Take the lines below from the one with "This Teal Blue" through the one with "Hála Istennek, többüknek" and print only them, exactly. Don't print the pictures.

[[ Supplied entries, beginning ]]

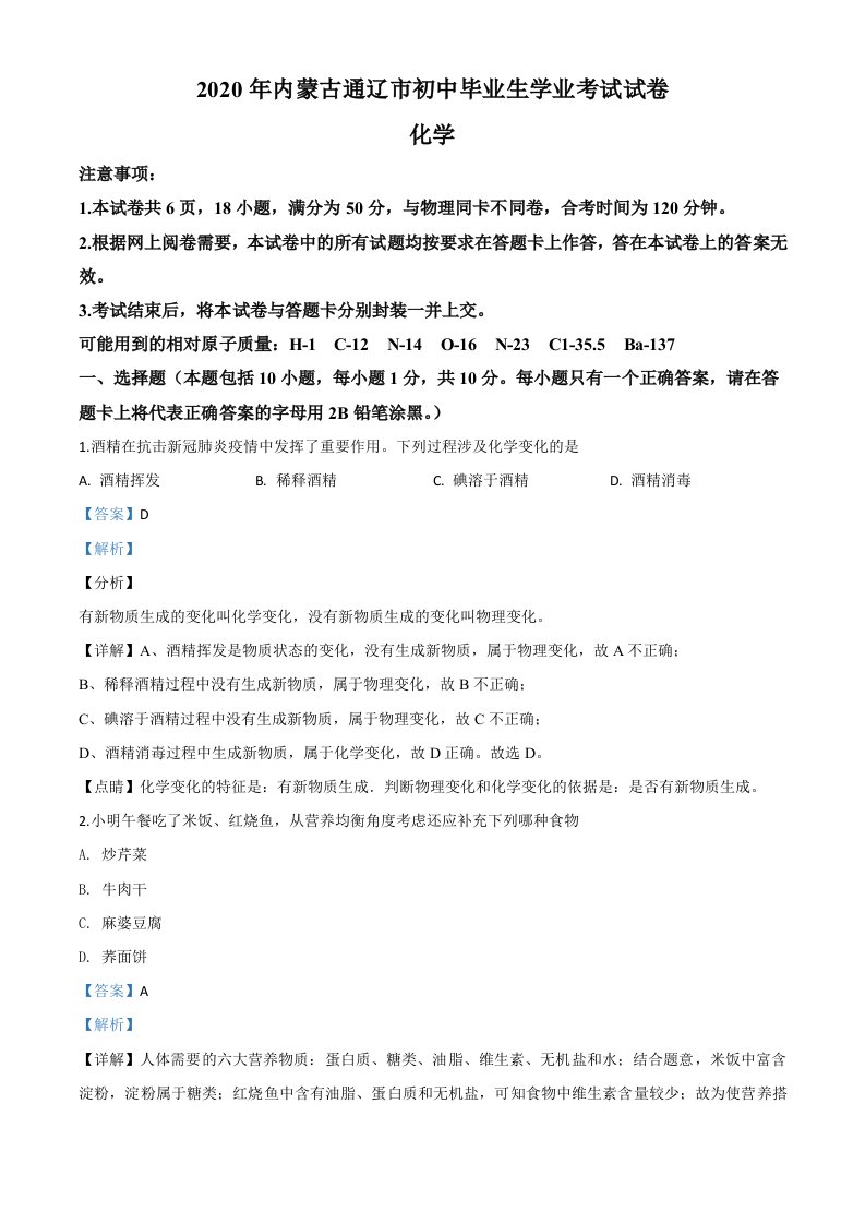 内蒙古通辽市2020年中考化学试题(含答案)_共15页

[[ Supplied entries, end ]]
[[ Supplied entries, beginning ]]

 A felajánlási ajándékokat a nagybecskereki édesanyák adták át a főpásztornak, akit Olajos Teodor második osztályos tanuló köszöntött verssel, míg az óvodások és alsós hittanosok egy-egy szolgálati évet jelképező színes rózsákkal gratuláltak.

[[ Supplied entries, end ]]
[[ Supplied entries, beginning ]]

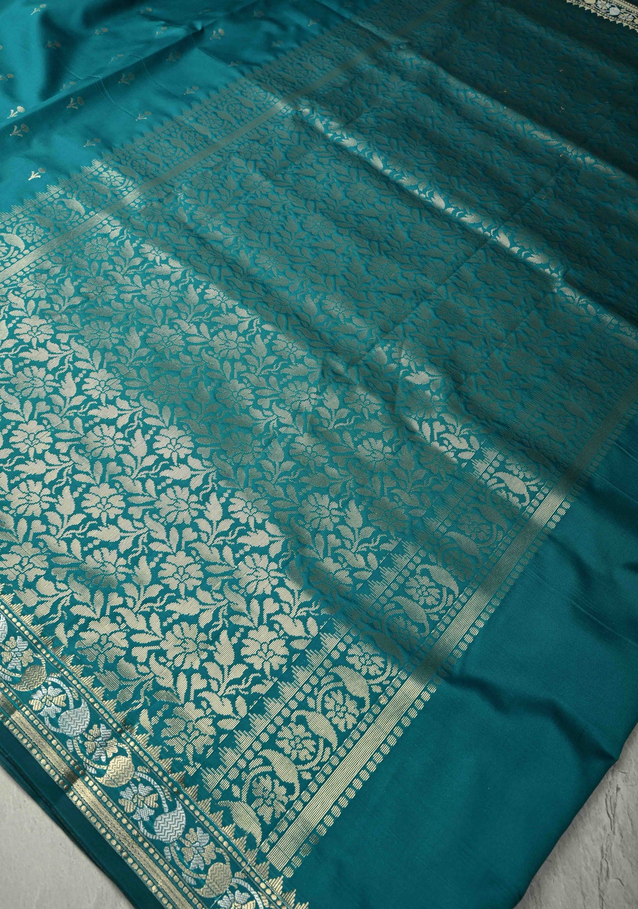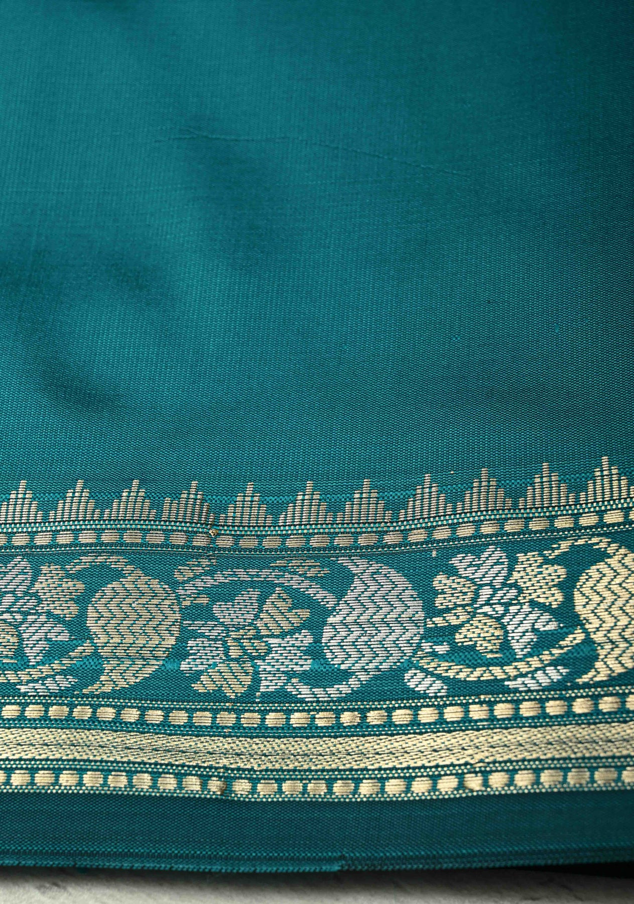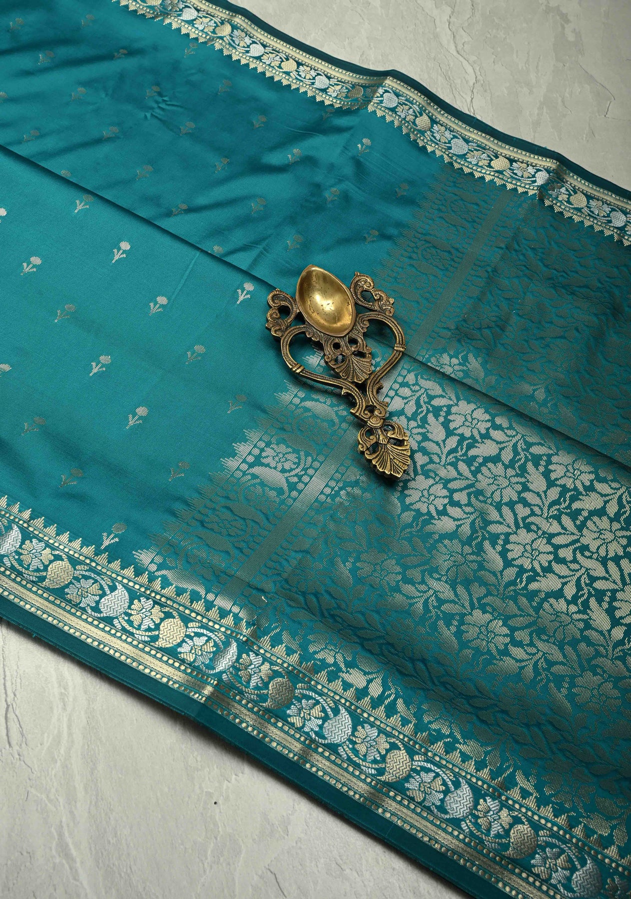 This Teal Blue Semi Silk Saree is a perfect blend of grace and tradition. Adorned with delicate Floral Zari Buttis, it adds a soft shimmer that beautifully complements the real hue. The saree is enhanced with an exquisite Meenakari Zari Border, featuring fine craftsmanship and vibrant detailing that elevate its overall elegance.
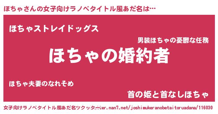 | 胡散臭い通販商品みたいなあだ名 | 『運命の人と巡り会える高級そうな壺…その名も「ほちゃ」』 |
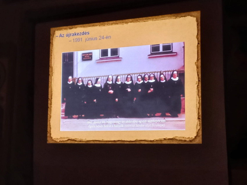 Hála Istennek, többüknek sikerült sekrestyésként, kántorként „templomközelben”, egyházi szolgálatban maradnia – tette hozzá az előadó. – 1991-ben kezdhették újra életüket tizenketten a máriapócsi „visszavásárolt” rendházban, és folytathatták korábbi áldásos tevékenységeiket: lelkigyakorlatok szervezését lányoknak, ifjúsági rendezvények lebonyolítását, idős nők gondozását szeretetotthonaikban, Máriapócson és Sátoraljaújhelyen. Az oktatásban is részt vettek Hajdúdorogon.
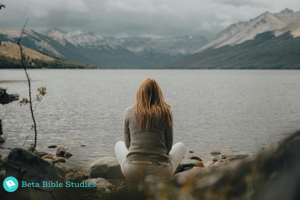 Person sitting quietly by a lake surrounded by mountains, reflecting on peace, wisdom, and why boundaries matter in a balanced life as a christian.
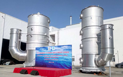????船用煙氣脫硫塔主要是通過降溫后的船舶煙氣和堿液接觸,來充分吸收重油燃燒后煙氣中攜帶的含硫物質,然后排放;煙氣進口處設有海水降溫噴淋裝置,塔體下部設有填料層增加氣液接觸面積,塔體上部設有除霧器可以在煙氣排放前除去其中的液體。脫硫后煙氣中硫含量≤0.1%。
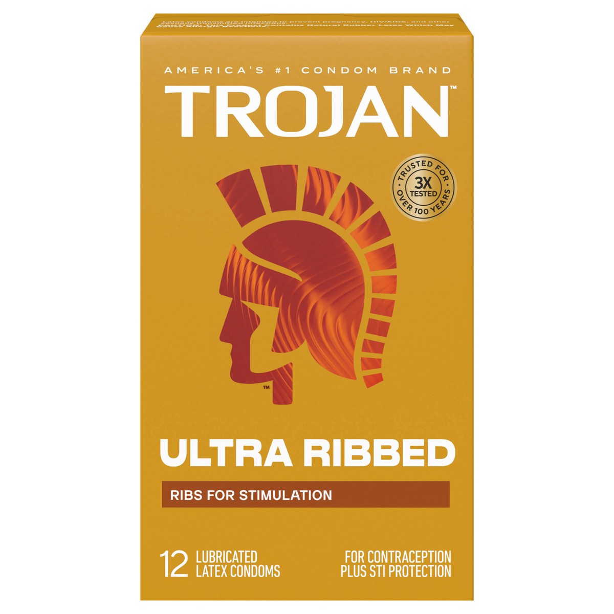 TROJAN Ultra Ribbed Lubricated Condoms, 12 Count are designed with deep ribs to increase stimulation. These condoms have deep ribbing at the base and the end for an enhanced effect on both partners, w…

[[ Supplied entries, end ]]

Answer to this problem:
 This Teal Blue Semi Silk Saree is a perfect blend of grace and tradition. Adorned with delicate Floral Zari Buttis, it adds a soft shimmer that beautifully complements the real hue. The saree is enhanced with an exquisite Meenakari Zari Border, featuring fine craftsmanship and vibrant detailing that elevate its overall elegance.
 | 胡散臭い通販商品みたいなあだ名 | 『運命の人と巡り会える高級そうな壺…その名も「ほちゃ」』 |
 Hála Istennek, többüknek sikerült sekrestyésként, kántorként „templomközelben”, egyházi szolgálatban maradnia – tette hozzá az előadó. – 1991-ben kezdhették újra életüket tizenketten a máriapócsi „visszavásárolt” rendházban, és folytathatták korábbi áldásos tevékenységeiket: lelkigyakorlatok szervezését lányoknak, ifjúsági rendezvények lebonyolítását, idős nők gondozását szeretetotthonaikban, Máriapócson és Sátoraljaújhelyen. Az oktatásban is részt vettek Hajdúdorogon.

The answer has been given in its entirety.